== Segment start ==
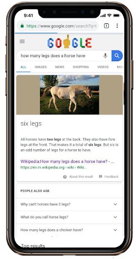 The build-out of Featured Snippets has been so aggressive that sometimes the answers that Google lifts are obviously wrong, as you can see in the example image below. It is also important to understand that Featured Snippet results can change from location to location and are not language-agnostic, and thus, are not translated to match the Search Language or the Phone Language settings. Google also does not hold themselves to any standard of consistency, so one Featured Snippet for one query might present an answer one way, and a similar query for the same fact could present a Featured Snippet with slightly different information. For instance, a query for "how long to boil an egg" could result in an answer that says "5 minutes" and a different query for "how to make a hard-boiled egg" could result in an answer that says "boil for 1 minute, and leave the egg in the water until it is back to room temperature."
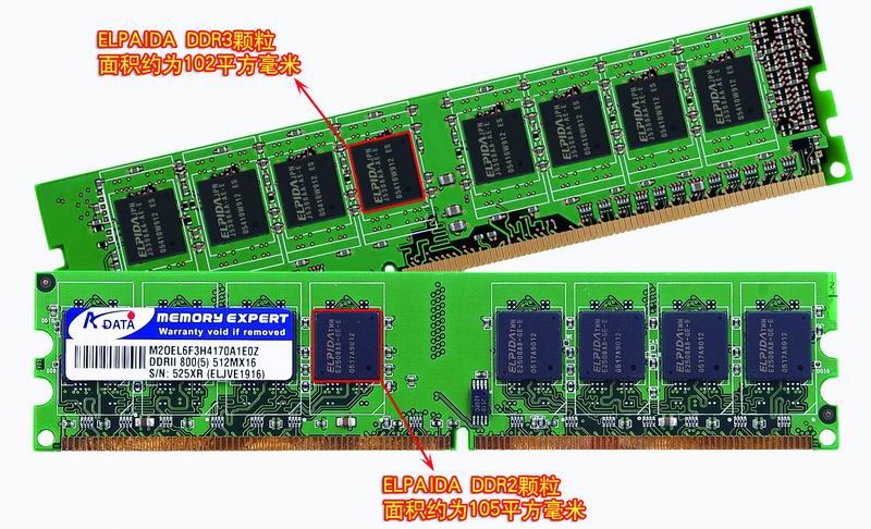 DDR2和DDR3內(nèi)存的顆粒為正方形,而且體積大約只有DDR內(nèi)存顆粒的三分之一
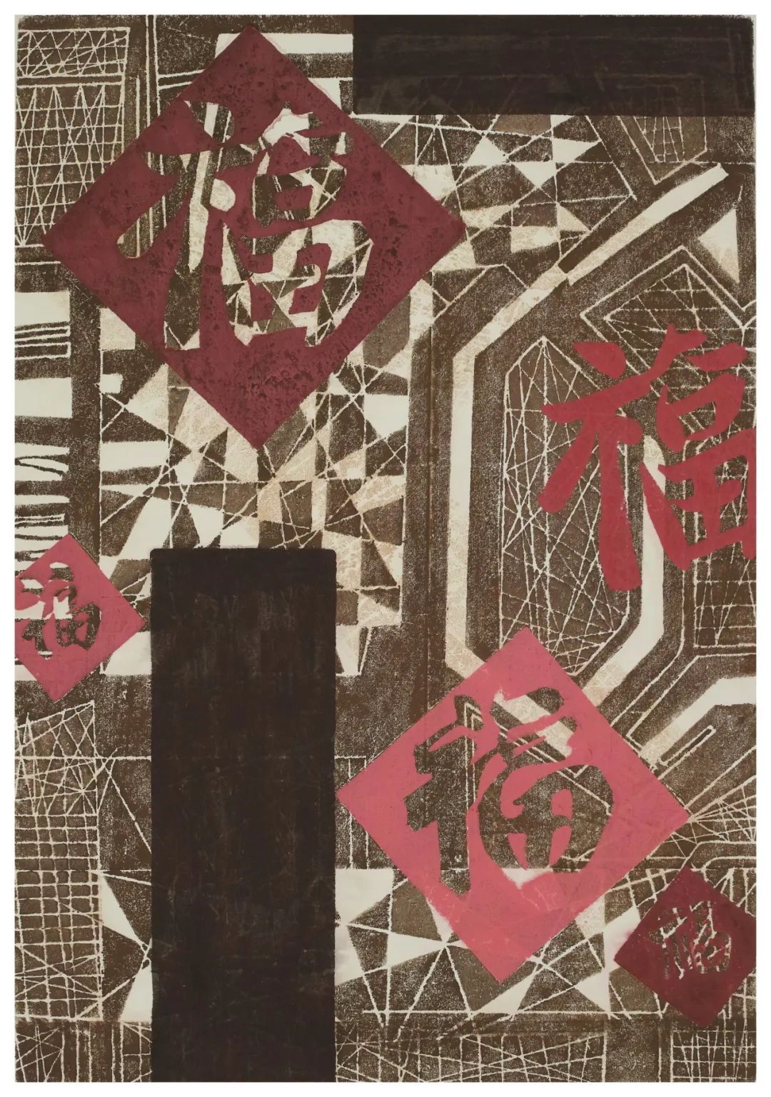 画面中,红色的福字以不同的大小和位置分布,象征着幸福和吉祥。背景采用几何线条图案,形成复杂而富有层次感的视觉效果。整体色调以深褐色和红色为主,营造出古朴而庄重的氛围。这种设计不仅体现了中国传统文化的深厚底蕴,也通过现代艺术手法赋予其新的生命力。
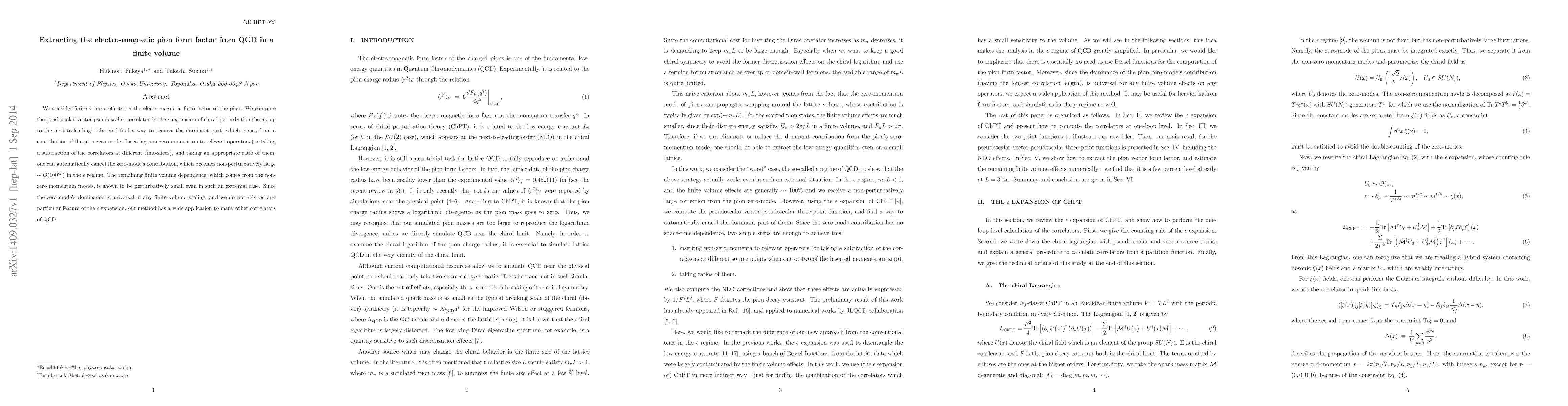 This paper investigates finite volume effects on the electromagnetic pion form factor using chiral perturbation theory, finding a method to remove the dominant zero-mode contribution. The method involves inserting non-zero momentum into relevant operators, which effectively cancels the zero-mode's large non-perturbative effect, leaving a perturbatively small finite volume dependence.
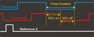 A perfect Encoder should have a pulse output pattern like the one shown to the left. When Channel A is on, Channel B should be on 50% of the time and off 50% of the time. The Talon Encoder Checker will display the ratio of time on and off for the measured Channel. This is useful for tuning, especially in high speed applications.
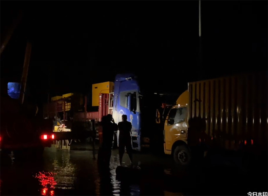 安裝調(diào)試一直持續(xù)到晚上,遭遇暴雨來(lái)襲,豫工技術(shù)員堅(jiān)守一線,與抗洪人員一道,全力以赴,通宵奮戰(zhàn),保證5臺(tái)防汛泵車全部投入工作,第一時(shí)間開始執(zhí)行防汛吸水任務(wù)!
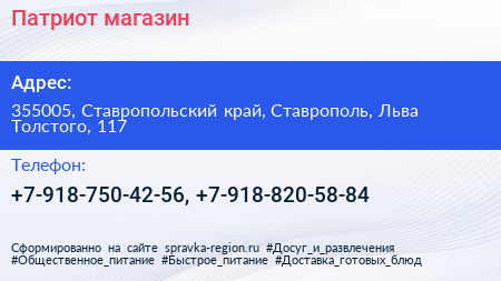 Патриот, магазин по адресу 355005, Ставропольский край, Ставрополь, Льва Толстого, 117 в дальнейшем Организация, размещена в следующих категориях:
== Segment end ==
[INSTRUCTIONS TO FOLLOW]
Nothing but the pictures is to be left out; the rest of the listing should be copied exactly.

[WRITTEN ANSWER]
 The build-out of Featured Snippets has been so aggressive that sometimes the answers that Google lifts are obviously wrong, as you can see in the example image below. It is also important to understand that Featured Snippet results can change from location to location and are not language-agnostic, and thus, are not translated to match the Search Language or the Phone Language settings. Google also does not hold themselves to any standard of consistency, so one Featured Snippet for one query might present an answer one way, and a similar query for the same fact could present a Featured Snippet with slightly different information. For instance, a query for "how long to boil an egg" could result in an answer that says "5 minutes" and a different query for "how to make a hard-boiled egg" could result in an answer that says "boil for 1 minute, and leave the egg in the water until it is back to room temperature."
 DDR2和DDR3內(nèi)存的顆粒為正方形,而且體積大約只有DDR內(nèi)存顆粒的三分之一
 画面中,红色的福字以不同的大小和位置分布,象征着幸福和吉祥。背景采用几何线条图案,形成复杂而富有层次感的视觉效果。整体色调以深褐色和红色为主,营造出古朴而庄重的氛围。这种设计不仅体现了中国传统文化的深厚底蕴,也通过现代艺术手法赋予其新的生命力。
 This paper investigates finite volume effects on the electromagnetic pion form factor using chiral perturbation theory, finding a method to remove the dominant zero-mode contribution. The method involves inserting non-zero momentum into relevant operators, which effectively cancels the zero-mode's large non-perturbative effect, leaving a perturbatively small finite volume dependence.
 A perfect Encoder should have a pulse output pattern like the one shown to the left. When Channel A is on, Channel B should be on 50% of the time and off 50% of the time. The Talon Encoder Checker will display the ratio of time on and off for the measured Channel. This is useful for tuning, especially in high speed applications.
 安裝調(diào)試一直持續(xù)到晚上,遭遇暴雨來(lái)襲,豫工技術(shù)員堅(jiān)守一線,與抗洪人員一道,全力以赴,通宵奮戰(zhàn),保證5臺(tái)防汛泵車全部投入工作,第一時(shí)間開始執(zhí)行防汛吸水任務(wù)!
 Патриот, магазин по адресу 355005, Ставропольский край, Ставрополь, Льва Толстого, 117 в дальнейшем Организация, размещена в следующих категориях:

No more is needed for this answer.